### RECORDS FOR PROCESSING

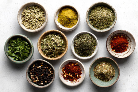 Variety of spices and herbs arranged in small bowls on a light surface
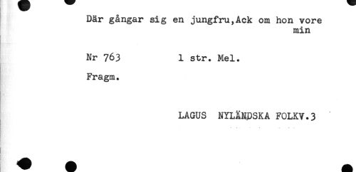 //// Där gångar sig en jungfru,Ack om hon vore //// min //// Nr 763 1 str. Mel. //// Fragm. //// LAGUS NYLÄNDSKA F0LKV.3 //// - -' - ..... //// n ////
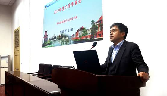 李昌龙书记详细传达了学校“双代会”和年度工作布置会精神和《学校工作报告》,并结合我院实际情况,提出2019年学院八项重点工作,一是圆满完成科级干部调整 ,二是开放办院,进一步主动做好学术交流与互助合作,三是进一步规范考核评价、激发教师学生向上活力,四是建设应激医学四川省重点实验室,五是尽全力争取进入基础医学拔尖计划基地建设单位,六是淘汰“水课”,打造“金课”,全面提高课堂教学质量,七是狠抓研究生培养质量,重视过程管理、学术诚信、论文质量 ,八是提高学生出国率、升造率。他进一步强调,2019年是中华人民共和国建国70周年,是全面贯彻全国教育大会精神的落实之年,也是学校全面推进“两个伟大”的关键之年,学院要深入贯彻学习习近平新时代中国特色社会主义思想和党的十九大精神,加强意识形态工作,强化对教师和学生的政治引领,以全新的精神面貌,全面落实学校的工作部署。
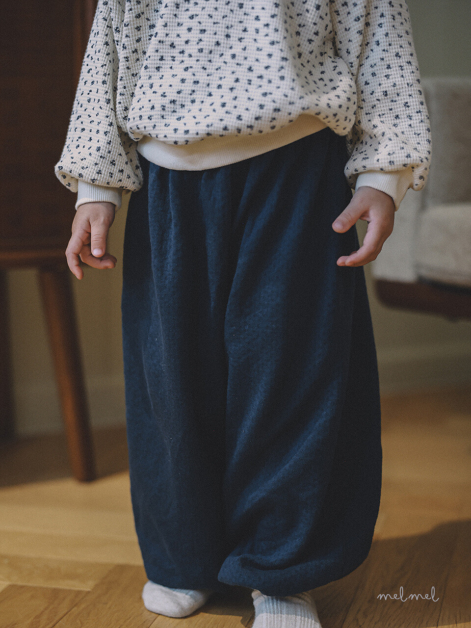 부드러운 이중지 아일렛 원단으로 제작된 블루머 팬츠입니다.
* * *
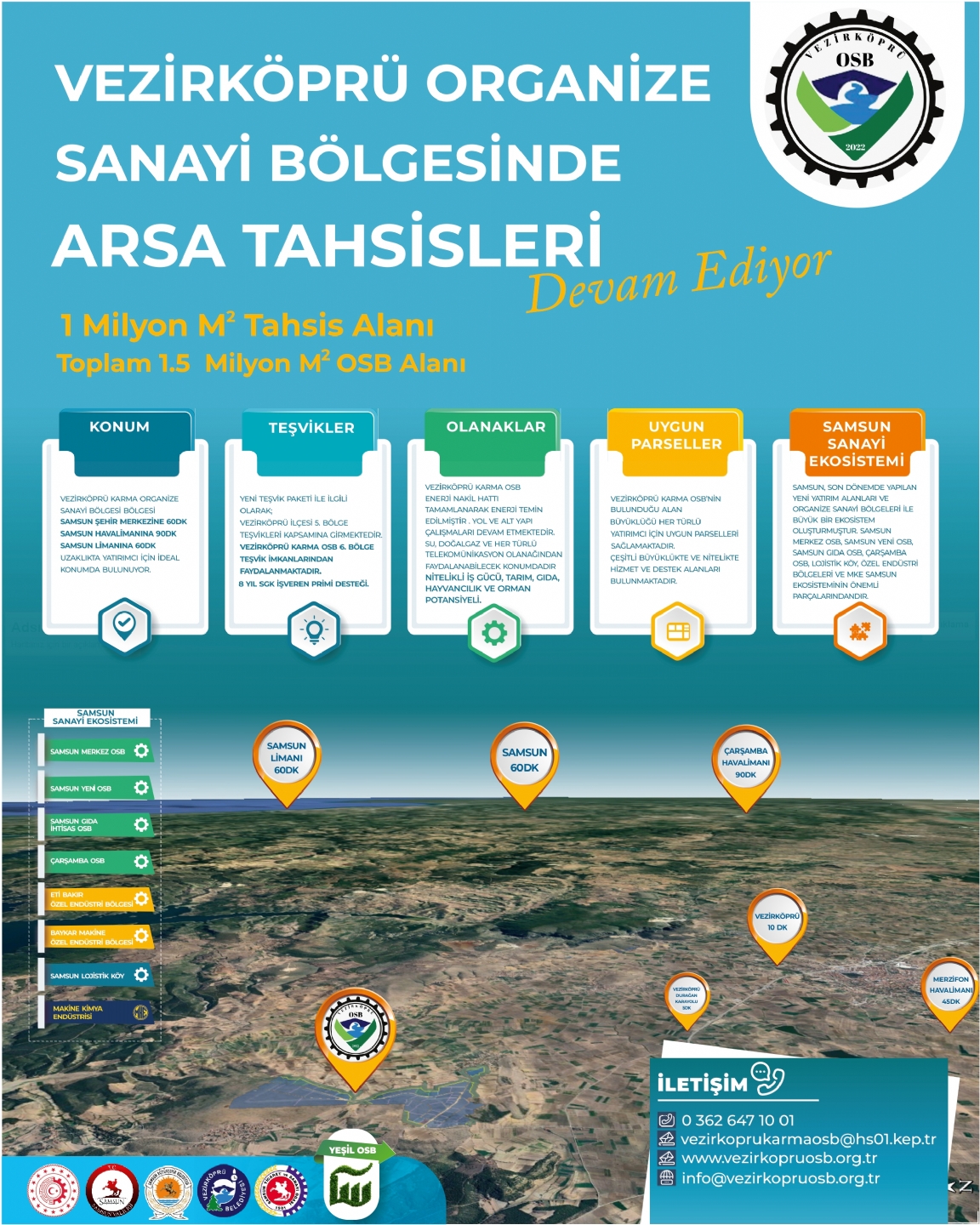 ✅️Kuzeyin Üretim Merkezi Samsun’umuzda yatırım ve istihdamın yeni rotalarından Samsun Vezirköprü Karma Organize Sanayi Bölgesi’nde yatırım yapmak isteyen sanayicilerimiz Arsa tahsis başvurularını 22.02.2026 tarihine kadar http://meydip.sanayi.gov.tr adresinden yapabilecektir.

### ASSIGNMENT
All that is wanted is the lines above between the one containing "Där gångar sig" and the one containing "부드러운 이중지 아일렛 원단으로 제작된 블루머 팬츠입니다.", inclusive, restated word for word, with pictures omitted.

### THE COMPLETED TASK
 //// Där gångar sig en jungfru,Ack om hon vore //// min //// Nr 763 1 str. Mel. //// Fragm. //// LAGUS NYLÄNDSKA F0LKV.3 //// - -' - ..... //// n ////
 李昌龙书记详细传达了学校“双代会”和年度工作布置会精神和《学校工作报告》,并结合我院实际情况,提出2019年学院八项重点工作,一是圆满完成科级干部调整 ,二是开放办院,进一步主动做好学术交流与互助合作,三是进一步规范考核评价、激发教师学生向上活力,四是建设应激医学四川省重点实验室,五是尽全力争取进入基础医学拔尖计划基地建设单位,六是淘汰“水课”,打造“金课”,全面提高课堂教学质量,七是狠抓研究生培养质量,重视过程管理、学术诚信、论文质量 ,八是提高学生出国率、升造率。他进一步强调,2019年是中华人民共和国建国70周年,是全面贯彻全国教育大会精神的落实之年,也是学校全面推进“两个伟大”的关键之年,学院要深入贯彻学习习近平新时代中国特色社会主义思想和党的十九大精神,加强意识形态工作,强化对教师和学生的政治引领,以全新的精神面貌,全面落实学校的工作部署。
 부드러운 이중지 아일렛 원단으로 제작된 블루머 팬츠입니다.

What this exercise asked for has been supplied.